■ **TRY IT**: When you return the lines below, go from the first through the line with "二段階認証を求められた場合、", keep them exact, and leave out every picture.

SUPPLIED DATA START

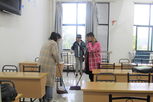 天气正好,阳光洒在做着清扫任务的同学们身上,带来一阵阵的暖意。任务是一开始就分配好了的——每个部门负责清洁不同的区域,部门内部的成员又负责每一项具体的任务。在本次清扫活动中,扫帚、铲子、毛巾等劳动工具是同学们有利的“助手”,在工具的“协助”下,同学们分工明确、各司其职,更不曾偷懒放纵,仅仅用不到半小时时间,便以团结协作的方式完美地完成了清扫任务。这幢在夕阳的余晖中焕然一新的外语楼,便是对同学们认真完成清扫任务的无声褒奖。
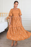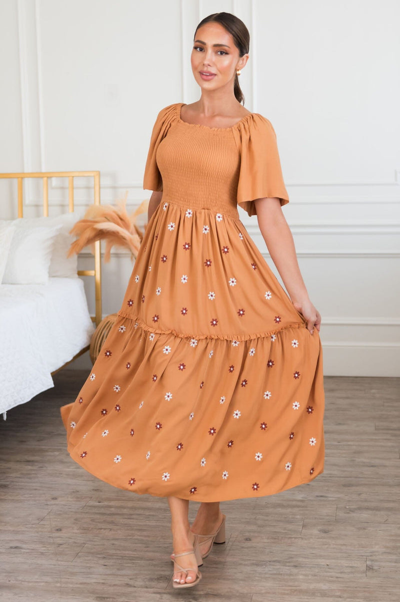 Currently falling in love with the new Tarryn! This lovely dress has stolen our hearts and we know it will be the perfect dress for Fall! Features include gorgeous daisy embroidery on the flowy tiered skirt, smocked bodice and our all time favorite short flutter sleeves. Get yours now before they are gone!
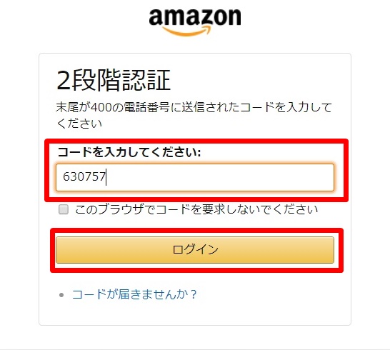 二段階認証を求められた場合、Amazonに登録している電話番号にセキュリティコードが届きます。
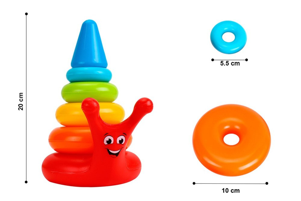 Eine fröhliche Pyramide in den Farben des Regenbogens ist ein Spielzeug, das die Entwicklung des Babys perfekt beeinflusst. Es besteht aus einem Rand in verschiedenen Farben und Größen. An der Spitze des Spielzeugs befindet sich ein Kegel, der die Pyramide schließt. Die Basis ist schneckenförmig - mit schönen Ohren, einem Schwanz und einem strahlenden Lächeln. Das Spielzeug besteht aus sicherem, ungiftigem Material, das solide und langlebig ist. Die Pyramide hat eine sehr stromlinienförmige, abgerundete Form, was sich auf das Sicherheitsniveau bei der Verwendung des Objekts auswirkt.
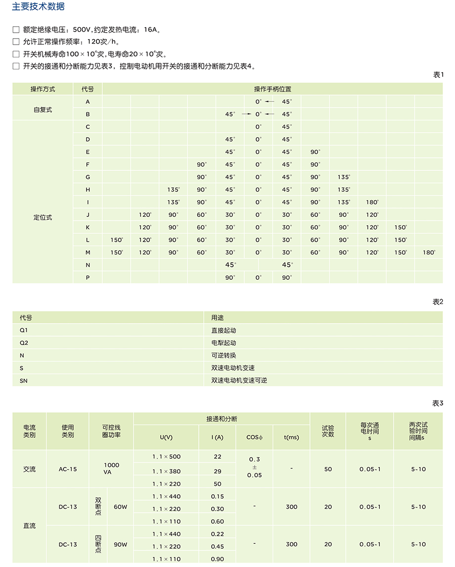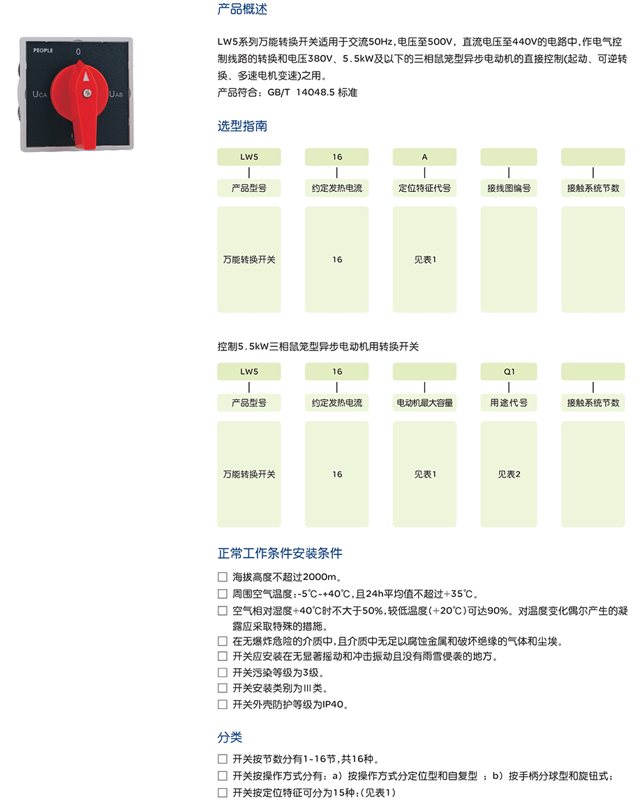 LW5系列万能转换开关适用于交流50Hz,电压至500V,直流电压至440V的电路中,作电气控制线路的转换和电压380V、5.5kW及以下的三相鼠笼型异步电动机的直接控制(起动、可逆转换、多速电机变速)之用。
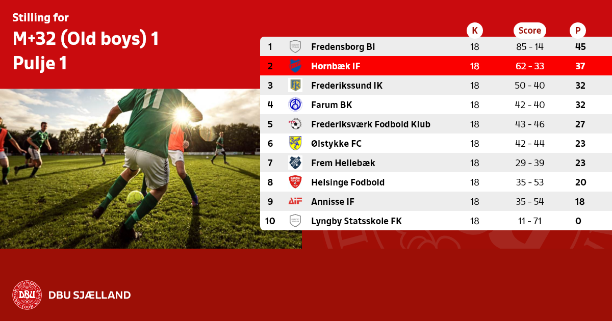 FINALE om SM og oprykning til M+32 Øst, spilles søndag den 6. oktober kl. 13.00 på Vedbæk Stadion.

SUPPLIED DATA END

■ **ANSWER AREA**:
 天气正好,阳光洒在做着清扫任务的同学们身上,带来一阵阵的暖意。任务是一开始就分配好了的——每个部门负责清洁不同的区域,部门内部的成员又负责每一项具体的任务。在本次清扫活动中,扫帚、铲子、毛巾等劳动工具是同学们有利的“助手”,在工具的“协助”下,同学们分工明确、各司其职,更不曾偷懒放纵,仅仅用不到半小时时间,便以团结协作的方式完美地完成了清扫任务。这幢在夕阳的余晖中焕然一新的外语楼,便是对同学们认真完成清扫任务的无声褒奖。
 Currently falling in love with the new Tarryn! This lovely dress has stolen our hearts and we know it will be the perfect dress for Fall! Features include gorgeous daisy embroidery on the flowy tiered skirt, smocked bodice and our all time favorite short flutter sleeves. Get yours now before they are gone!
 二段階認証を求められた場合、Amazonに登録している電話番号にセキュリティコードが届きます。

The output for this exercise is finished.